__Goal of the exercise__
I'd like the entries reproduced exactly, with all pictures omitted.

__Data listing__
+ + +

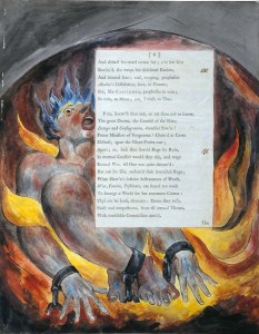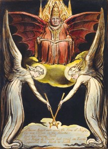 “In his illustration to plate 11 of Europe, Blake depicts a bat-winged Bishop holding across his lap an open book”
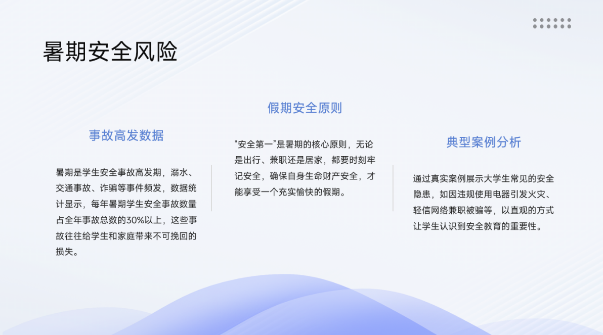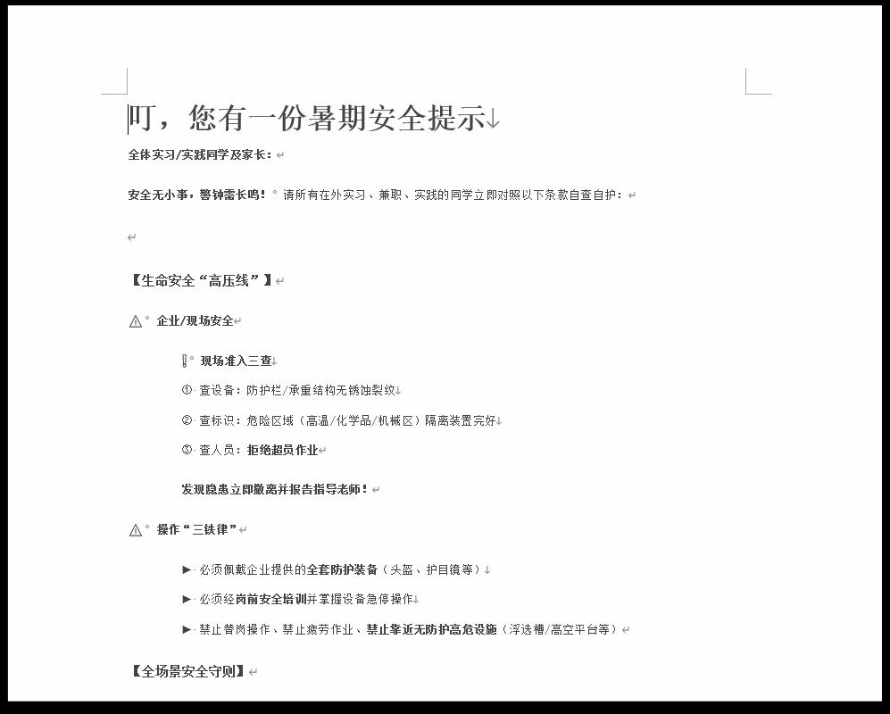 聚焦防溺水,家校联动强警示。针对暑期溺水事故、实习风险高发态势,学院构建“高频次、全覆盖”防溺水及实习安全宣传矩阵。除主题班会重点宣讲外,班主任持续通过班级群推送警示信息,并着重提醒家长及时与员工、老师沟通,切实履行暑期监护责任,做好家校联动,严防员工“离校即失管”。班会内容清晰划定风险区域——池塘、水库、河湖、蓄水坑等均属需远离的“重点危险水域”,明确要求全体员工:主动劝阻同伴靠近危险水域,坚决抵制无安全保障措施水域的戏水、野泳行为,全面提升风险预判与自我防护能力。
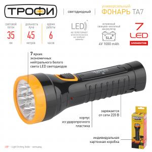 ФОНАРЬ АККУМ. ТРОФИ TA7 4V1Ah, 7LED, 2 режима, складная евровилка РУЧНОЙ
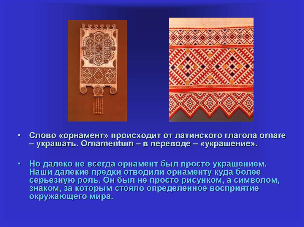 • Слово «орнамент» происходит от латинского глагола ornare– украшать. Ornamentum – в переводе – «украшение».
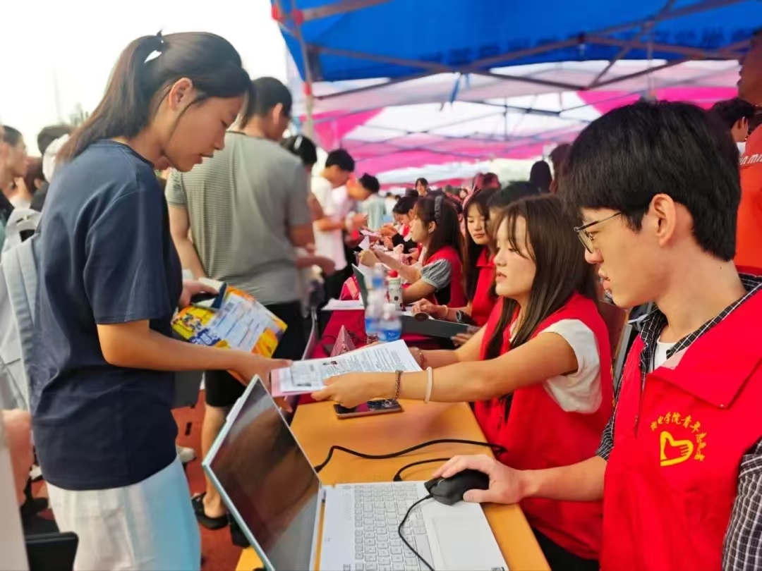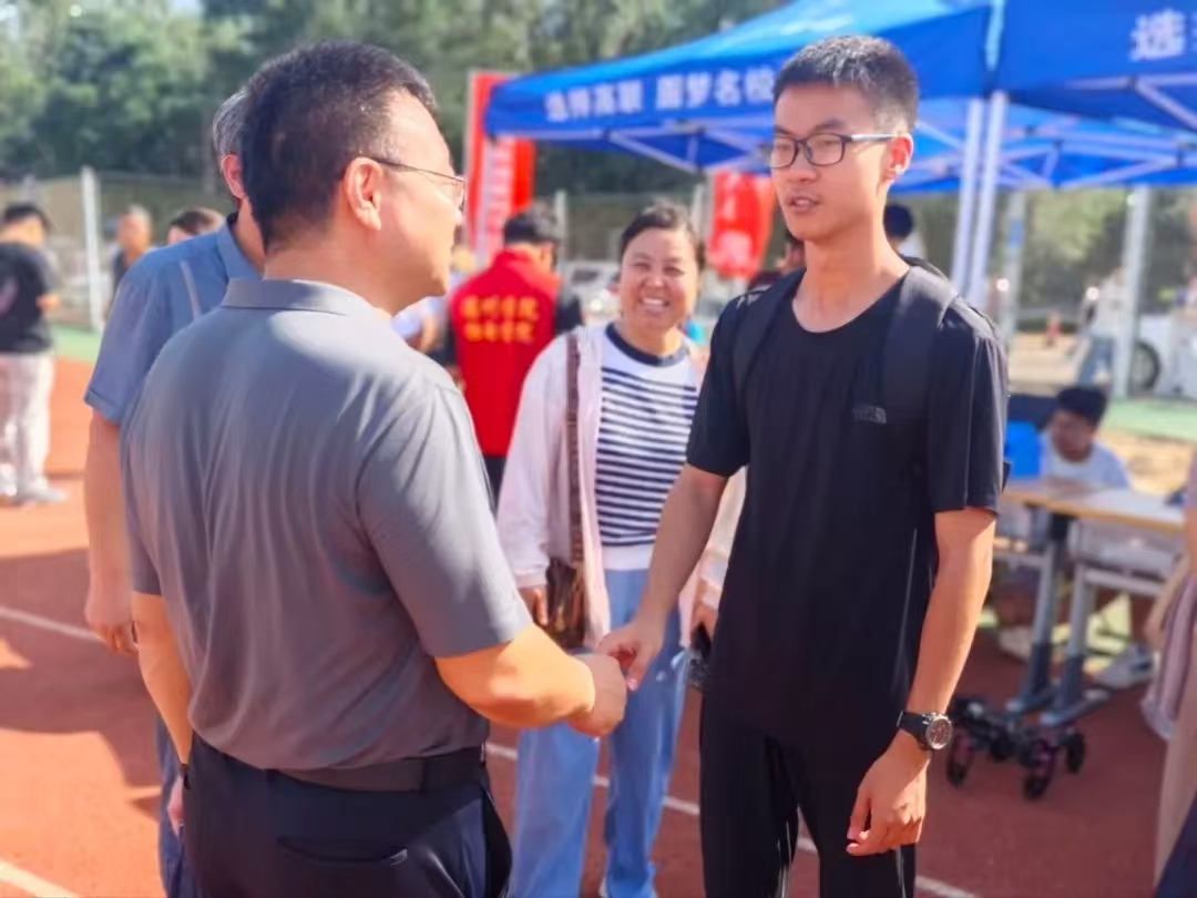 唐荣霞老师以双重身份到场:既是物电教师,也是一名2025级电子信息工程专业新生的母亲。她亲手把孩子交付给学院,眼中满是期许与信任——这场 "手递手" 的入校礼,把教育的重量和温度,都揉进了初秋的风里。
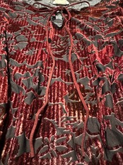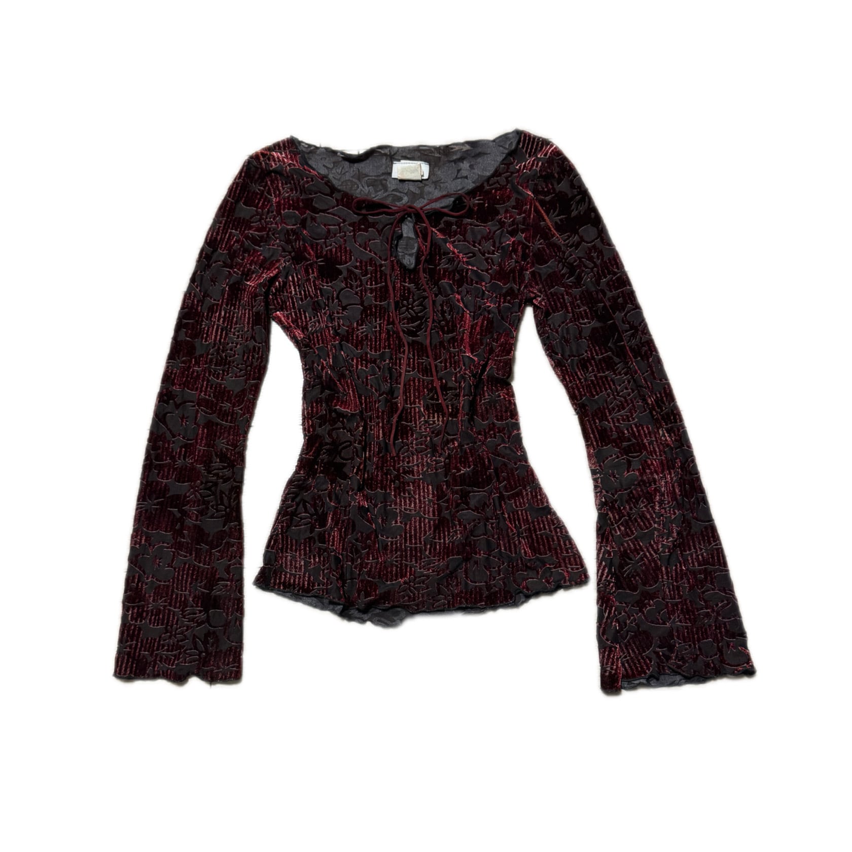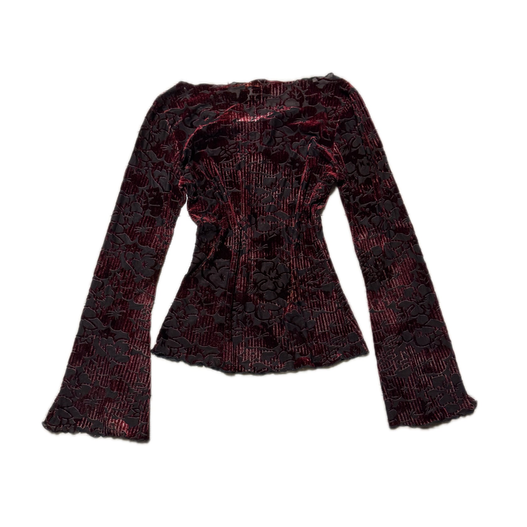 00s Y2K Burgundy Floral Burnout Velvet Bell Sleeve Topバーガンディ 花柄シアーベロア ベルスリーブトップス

+ + +

__Response__
 “In his illustration to plate 11 of Europe, Blake depicts a bat-winged Bishop holding across his lap an open book”
 聚焦防溺水,家校联动强警示。针对暑期溺水事故、实习风险高发态势,学院构建“高频次、全覆盖”防溺水及实习安全宣传矩阵。除主题班会重点宣讲外,班主任持续通过班级群推送警示信息,并着重提醒家长及时与员工、老师沟通,切实履行暑期监护责任,做好家校联动,严防员工“离校即失管”。班会内容清晰划定风险区域——池塘、水库、河湖、蓄水坑等均属需远离的“重点危险水域”,明确要求全体员工:主动劝阻同伴靠近危险水域,坚决抵制无安全保障措施水域的戏水、野泳行为,全面提升风险预判与自我防护能力。
 ФОНАРЬ АККУМ. ТРОФИ TA7 4V1Ah, 7LED, 2 режима, складная евровилка РУЧНОЙ
 • Слово «орнамент» происходит от латинского глагола ornare– украшать. Ornamentum – в переводе – «украшение».
 唐荣霞老师以双重身份到场:既是物电教师,也是一名2025级电子信息工程专业新生的母亲。她亲手把孩子交付给学院,眼中满是期许与信任——这场 "手递手" 的入校礼,把教育的重量和温度,都揉进了初秋的风里。
 00s Y2K Burgundy Floral Burnout Velvet Bell Sleeve Topバーガンディ 花柄シアーベロア ベルスリーブトップス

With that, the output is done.